[Material to process — start]

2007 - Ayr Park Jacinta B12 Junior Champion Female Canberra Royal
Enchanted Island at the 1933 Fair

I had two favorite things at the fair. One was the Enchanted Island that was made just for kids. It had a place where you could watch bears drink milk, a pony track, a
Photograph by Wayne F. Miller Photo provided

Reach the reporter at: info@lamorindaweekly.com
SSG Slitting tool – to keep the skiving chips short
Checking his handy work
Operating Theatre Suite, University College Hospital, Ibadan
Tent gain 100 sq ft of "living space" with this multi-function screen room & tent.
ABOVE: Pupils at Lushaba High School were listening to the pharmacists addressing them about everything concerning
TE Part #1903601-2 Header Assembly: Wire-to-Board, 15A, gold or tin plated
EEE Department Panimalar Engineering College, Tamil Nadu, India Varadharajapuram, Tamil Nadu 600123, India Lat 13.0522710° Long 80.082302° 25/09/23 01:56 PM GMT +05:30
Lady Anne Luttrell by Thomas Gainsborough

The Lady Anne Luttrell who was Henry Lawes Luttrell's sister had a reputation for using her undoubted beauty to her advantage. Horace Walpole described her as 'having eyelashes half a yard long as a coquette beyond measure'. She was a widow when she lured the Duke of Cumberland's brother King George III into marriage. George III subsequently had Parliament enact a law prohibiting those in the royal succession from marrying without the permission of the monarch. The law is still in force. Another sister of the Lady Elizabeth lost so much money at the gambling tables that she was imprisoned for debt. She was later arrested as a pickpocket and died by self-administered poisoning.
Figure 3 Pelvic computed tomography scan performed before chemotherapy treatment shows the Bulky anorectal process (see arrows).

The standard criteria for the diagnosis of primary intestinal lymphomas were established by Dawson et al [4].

[Material to process — finish]
[Material to process — start]

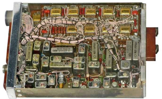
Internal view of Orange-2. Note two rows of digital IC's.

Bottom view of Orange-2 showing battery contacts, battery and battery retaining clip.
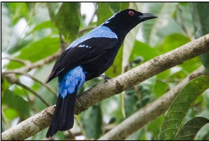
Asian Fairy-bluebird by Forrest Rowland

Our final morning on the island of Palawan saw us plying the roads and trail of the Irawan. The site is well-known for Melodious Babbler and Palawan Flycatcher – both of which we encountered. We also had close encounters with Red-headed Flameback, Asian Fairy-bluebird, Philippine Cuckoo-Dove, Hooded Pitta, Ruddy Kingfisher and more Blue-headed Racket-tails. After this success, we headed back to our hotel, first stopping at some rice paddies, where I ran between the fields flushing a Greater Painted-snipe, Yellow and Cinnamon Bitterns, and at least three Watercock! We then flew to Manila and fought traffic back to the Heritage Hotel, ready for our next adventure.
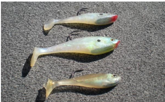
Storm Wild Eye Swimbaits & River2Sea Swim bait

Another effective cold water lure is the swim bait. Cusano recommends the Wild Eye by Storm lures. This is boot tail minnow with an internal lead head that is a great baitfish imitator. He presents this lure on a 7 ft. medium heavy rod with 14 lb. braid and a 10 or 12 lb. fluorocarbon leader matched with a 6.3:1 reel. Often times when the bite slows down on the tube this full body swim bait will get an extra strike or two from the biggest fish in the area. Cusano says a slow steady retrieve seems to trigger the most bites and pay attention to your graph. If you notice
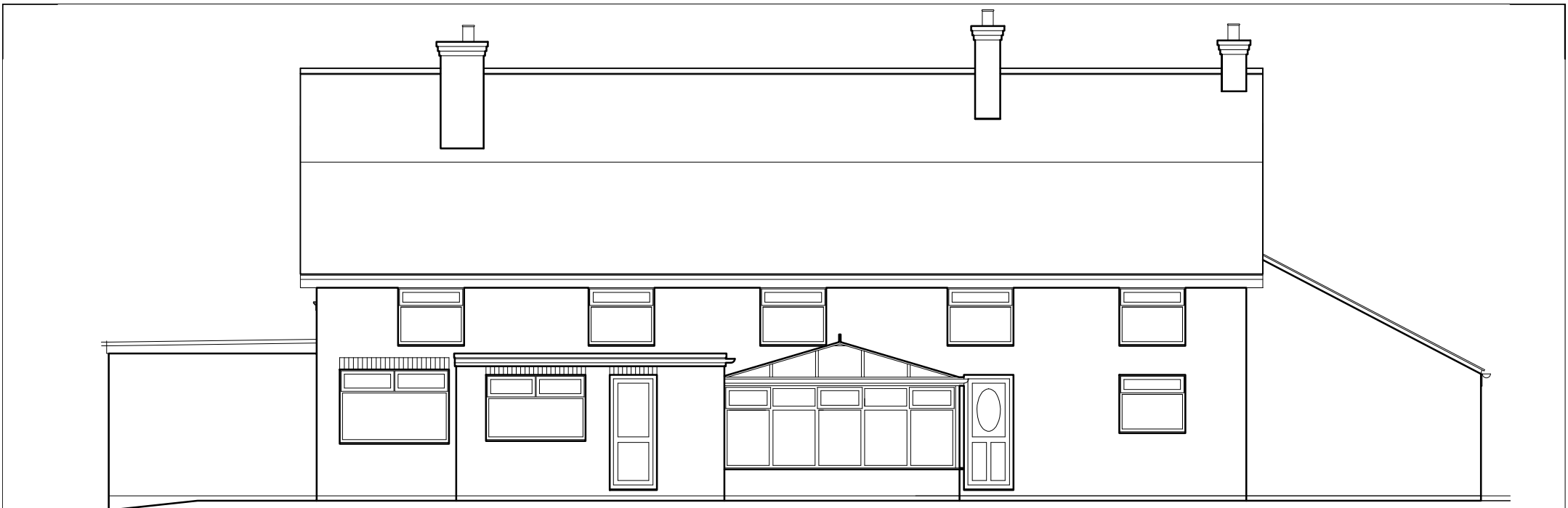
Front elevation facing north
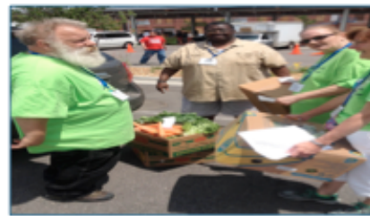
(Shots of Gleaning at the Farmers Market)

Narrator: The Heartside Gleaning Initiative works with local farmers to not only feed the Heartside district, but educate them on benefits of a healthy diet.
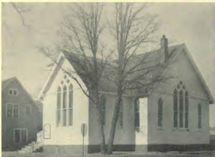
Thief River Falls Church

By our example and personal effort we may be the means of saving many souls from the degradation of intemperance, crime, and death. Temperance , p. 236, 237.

[Material to process — finish]
[Material to process — start]

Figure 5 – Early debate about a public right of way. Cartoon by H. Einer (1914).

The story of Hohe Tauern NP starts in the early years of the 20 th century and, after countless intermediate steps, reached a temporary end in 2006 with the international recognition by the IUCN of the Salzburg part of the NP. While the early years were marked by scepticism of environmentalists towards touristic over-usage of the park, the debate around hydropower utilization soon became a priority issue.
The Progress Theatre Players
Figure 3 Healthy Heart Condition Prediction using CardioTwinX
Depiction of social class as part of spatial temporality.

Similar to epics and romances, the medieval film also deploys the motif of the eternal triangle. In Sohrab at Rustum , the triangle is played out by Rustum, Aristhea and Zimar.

[Material to process — finish]

Assignment =
In the entries above, find the line with "Operating Theatre Suite, University" and the line with "Lady Anne Luttrell by Thomas Gainsborough", then restate word for word both of them and every line between, with nothing more.

Solution to this task =
Operating Theatre Suite, University College Hospital, Ibadan
Tent gain 100 sq ft of "living space" with this multi-function screen room & tent.
ABOVE: Pupils at Lushaba High School were listening to the pharmacists addressing them about everything concerning
TE Part #1903601-2 Header Assembly: Wire-to-Board, 15A, gold or tin plated
EEE Department Panimalar Engineering College, Tamil Nadu, India Varadharajapuram, Tamil Nadu 600123, India Lat 13.0522710° Long 80.082302° 25/09/23 01:56 PM GMT +05:30
Lady Anne Luttrell by Thomas Gainsborough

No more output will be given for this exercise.